WHAT YOU ARE ASKED TO DO.
The answer is a stretch of the material below, returned exactly: the line containing "2017年6月29日下午,汕", the line containing "Ştefan Octavian Iosif", and all lines between.

SUPPLIED MATERIAL.
────────
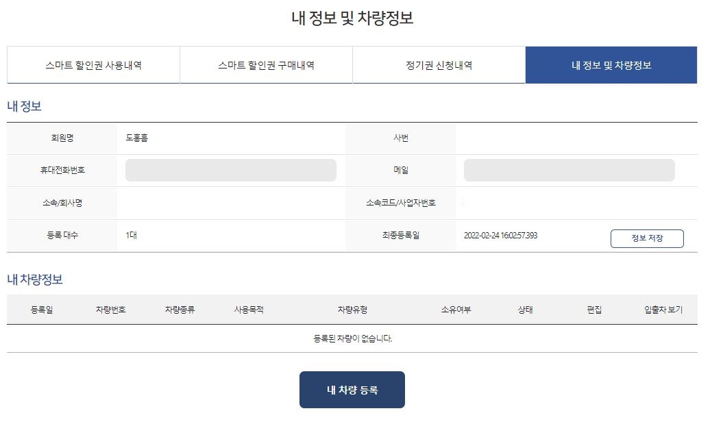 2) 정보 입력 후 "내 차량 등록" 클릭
────────
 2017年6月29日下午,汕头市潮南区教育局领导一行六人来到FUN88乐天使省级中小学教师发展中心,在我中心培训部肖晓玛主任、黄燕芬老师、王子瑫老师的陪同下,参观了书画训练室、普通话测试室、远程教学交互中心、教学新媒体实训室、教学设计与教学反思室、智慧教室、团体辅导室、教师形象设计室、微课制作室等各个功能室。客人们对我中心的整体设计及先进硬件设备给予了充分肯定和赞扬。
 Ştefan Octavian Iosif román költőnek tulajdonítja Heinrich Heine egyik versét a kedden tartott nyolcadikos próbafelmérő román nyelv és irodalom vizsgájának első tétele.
────────
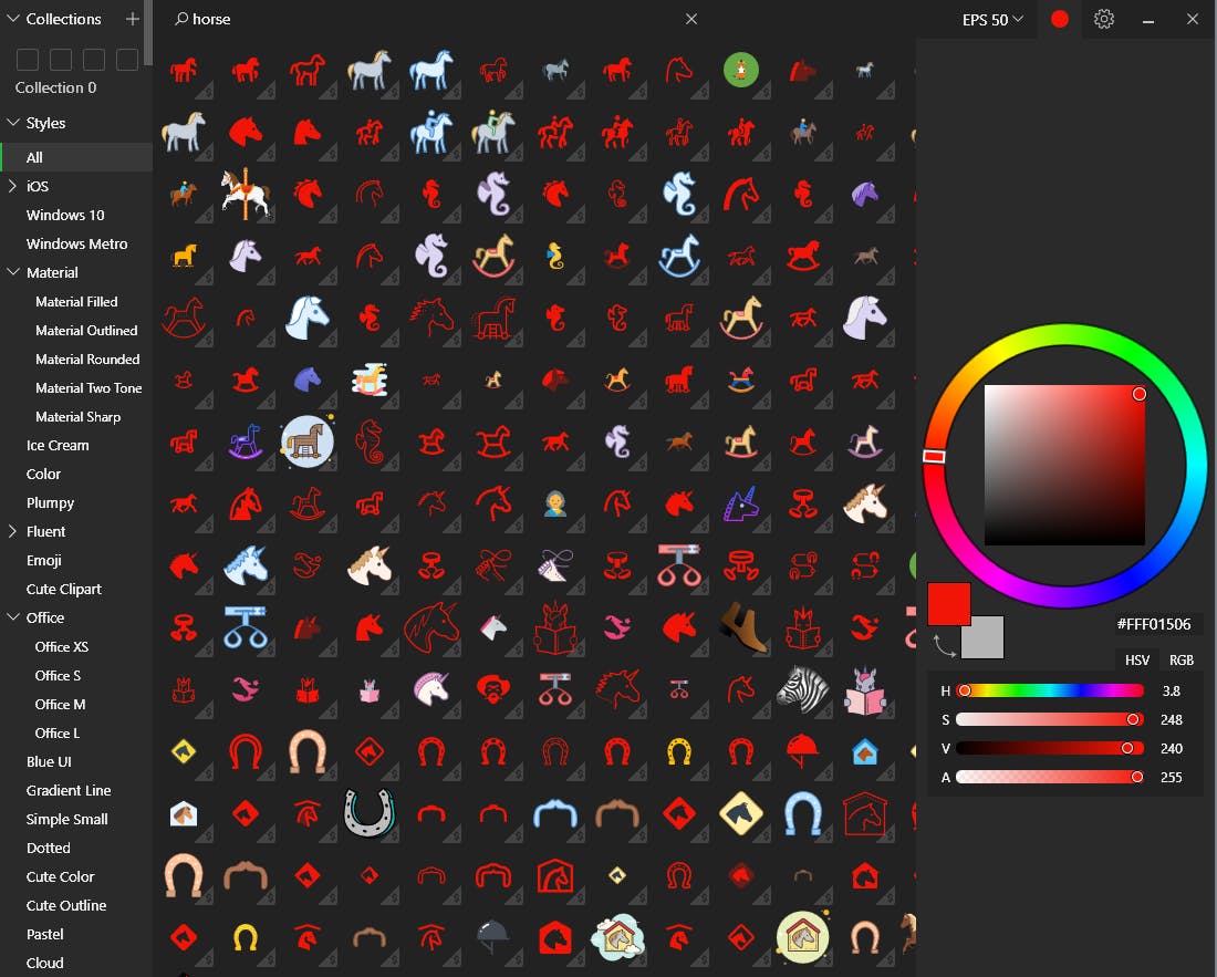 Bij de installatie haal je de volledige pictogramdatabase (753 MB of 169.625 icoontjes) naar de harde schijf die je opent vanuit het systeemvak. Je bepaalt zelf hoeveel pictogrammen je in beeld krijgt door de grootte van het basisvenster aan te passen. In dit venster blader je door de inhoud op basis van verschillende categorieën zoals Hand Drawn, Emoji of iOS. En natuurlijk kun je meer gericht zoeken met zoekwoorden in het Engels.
────────
TASK RESPONSE.
 2017年6月29日下午,汕头市潮南区教育局领导一行六人来到FUN88乐天使省级中小学教师发展中心,在我中心培训部肖晓玛主任、黄燕芬老师、王子瑫老师的陪同下,参观了书画训练室、普通话测试室、远程教学交互中心、教学新媒体实训室、教学设计与教学反思室、智慧教室、团体辅导室、教师形象设计室、微课制作室等各个功能室。客人们对我中心的整体设计及先进硬件设备给予了充分肯定和赞扬。
 Ştefan Octavian Iosif román költőnek tulajdonítja Heinrich Heine egyik versét a kedden tartott nyolcadikos próbafelmérő román nyelv és irodalom vizsgájának első tétele.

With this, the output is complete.